== Aim of the task ==
Each line below must be set down exactly; omit any image you find.

[Opening Exercise data section]

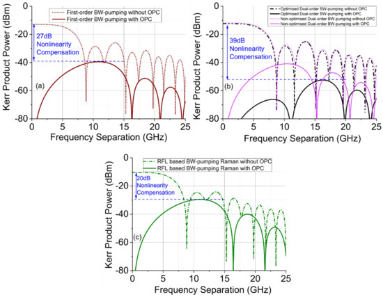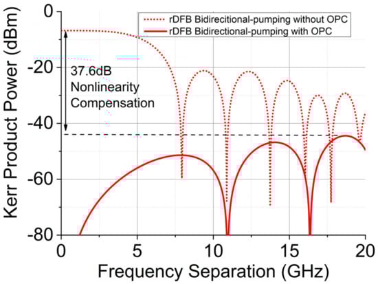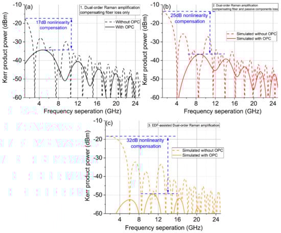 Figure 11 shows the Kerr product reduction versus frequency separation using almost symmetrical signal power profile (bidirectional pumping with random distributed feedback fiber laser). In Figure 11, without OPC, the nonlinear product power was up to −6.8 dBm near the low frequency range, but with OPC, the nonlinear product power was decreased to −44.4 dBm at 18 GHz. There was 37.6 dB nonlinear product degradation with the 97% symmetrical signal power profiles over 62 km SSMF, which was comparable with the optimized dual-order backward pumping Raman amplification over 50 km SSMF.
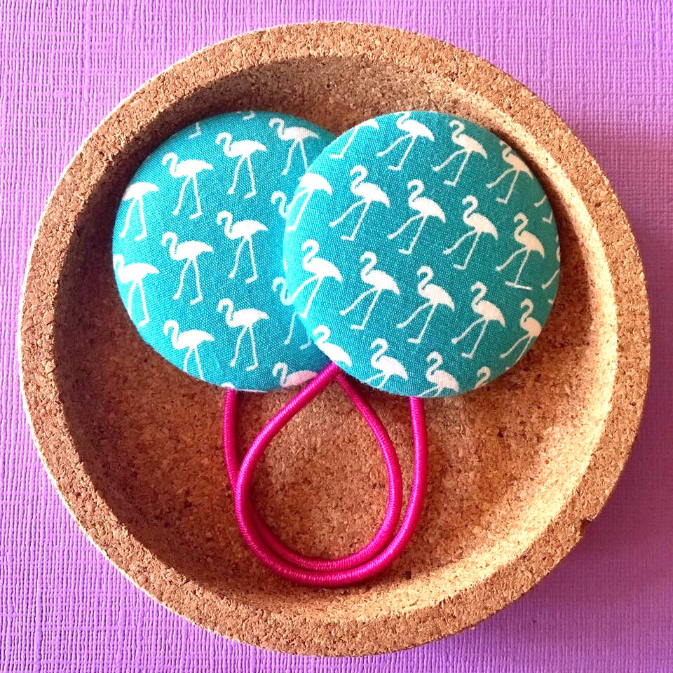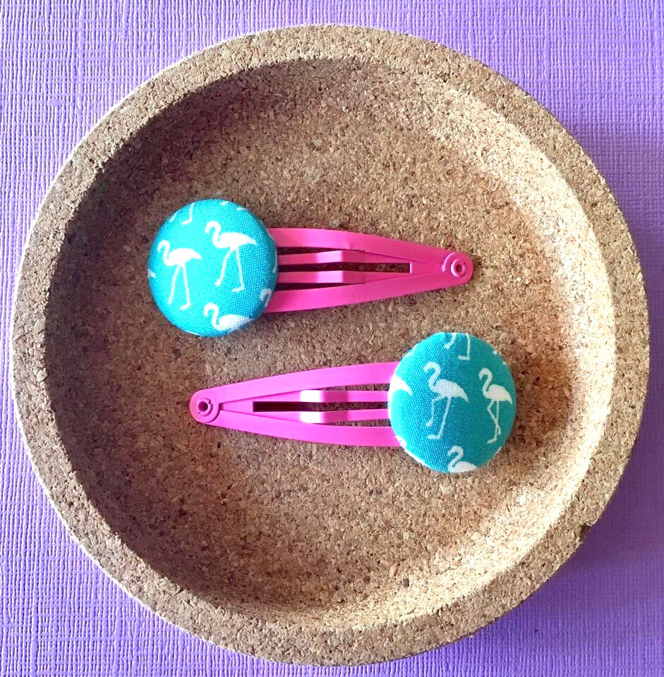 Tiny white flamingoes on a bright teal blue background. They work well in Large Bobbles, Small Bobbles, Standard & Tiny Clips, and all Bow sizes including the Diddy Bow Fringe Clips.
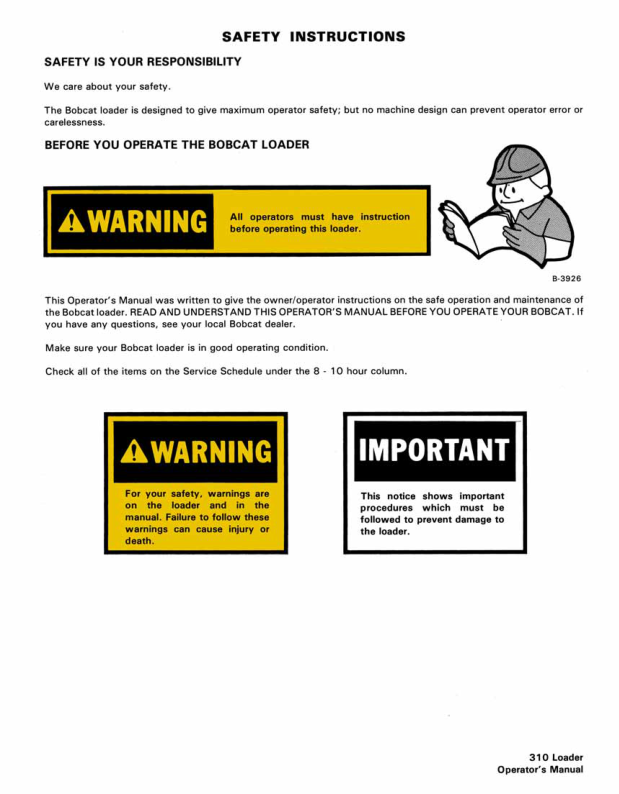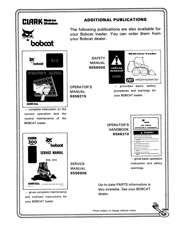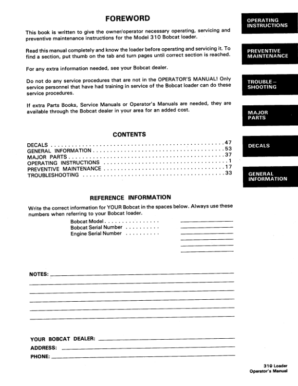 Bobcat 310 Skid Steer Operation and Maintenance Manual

[Closing Exercise data section]

== Solution ==
 Figure 11 shows the Kerr product reduction versus frequency separation using almost symmetrical signal power profile (bidirectional pumping with random distributed feedback fiber laser). In Figure 11, without OPC, the nonlinear product power was up to −6.8 dBm near the low frequency range, but with OPC, the nonlinear product power was decreased to −44.4 dBm at 18 GHz. There was 37.6 dB nonlinear product degradation with the 97% symmetrical signal power profiles over 62 km SSMF, which was comparable with the optimized dual-order backward pumping Raman amplification over 50 km SSMF.
 Tiny white flamingoes on a bright teal blue background. They work well in Large Bobbles, Small Bobbles, Standard & Tiny Clips, and all Bow sizes including the Diddy Bow Fringe Clips.
 Bobcat 310 Skid Steer Operation and Maintenance Manual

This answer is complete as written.